A copy is needed of each line in the records that has the word "greater".

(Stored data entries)
•••••
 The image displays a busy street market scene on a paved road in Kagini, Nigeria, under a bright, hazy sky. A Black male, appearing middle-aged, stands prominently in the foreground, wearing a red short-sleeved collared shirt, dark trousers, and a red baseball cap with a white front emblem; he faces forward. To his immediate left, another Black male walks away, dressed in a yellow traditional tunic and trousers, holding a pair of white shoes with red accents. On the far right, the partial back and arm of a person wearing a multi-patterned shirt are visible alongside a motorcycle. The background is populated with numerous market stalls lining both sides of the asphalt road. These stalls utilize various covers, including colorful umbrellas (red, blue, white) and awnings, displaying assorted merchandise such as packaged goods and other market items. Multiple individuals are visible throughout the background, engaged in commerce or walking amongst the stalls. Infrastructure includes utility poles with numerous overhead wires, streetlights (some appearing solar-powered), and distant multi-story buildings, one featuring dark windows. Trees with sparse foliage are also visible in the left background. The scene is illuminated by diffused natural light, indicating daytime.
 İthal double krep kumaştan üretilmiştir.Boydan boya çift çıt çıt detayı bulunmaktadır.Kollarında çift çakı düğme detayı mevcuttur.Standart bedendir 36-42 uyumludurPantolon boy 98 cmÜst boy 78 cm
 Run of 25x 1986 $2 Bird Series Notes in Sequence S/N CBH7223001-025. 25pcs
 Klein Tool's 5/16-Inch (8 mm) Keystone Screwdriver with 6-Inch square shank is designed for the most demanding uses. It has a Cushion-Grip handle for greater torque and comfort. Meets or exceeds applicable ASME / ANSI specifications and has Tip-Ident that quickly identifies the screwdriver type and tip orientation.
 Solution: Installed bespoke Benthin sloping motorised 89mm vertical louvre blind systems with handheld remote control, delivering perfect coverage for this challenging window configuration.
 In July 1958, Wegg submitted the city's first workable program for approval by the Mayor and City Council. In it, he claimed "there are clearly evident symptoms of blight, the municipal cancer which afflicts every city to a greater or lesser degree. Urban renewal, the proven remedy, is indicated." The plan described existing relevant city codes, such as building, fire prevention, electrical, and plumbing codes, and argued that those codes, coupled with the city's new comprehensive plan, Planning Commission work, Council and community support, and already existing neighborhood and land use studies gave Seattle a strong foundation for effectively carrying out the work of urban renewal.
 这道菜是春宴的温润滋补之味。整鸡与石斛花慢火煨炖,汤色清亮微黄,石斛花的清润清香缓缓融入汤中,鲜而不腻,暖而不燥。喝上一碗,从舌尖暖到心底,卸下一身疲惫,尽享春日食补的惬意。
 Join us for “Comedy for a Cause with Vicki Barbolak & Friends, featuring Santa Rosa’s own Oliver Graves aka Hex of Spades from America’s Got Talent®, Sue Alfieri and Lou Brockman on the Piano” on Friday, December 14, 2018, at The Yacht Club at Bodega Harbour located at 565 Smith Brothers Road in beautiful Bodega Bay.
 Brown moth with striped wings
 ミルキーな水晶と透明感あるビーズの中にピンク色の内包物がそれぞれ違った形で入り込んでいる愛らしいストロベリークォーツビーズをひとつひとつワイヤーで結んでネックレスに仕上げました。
•••••
• EXERCISE RESPONSE:
 Klein Tool's 5/16-Inch (8 mm) Keystone Screwdriver with 6-Inch square shank is designed for the most demanding uses. It has a Cushion-Grip handle for greater torque and comfort. Meets or exceeds applicable ASME / ANSI specifications and has Tip-Ident that quickly identifies the screwdriver type and tip orientation.
 In July 1958, Wegg submitted the city's first workable program for approval by the Mayor and City Council. In it, he claimed "there are clearly evident symptoms of blight, the municipal cancer which afflicts every city to a greater or lesser degree. Urban renewal, the proven remedy, is indicated." The plan described existing relevant city codes, such as building, fire prevention, electrical, and plumbing codes, and argued that those codes, coupled with the city's new comprehensive plan, Planning Commission work, Council and community support, and already existing neighborhood and land use studies gave Seattle a strong foundation for effectively carrying out the work of urban renewal.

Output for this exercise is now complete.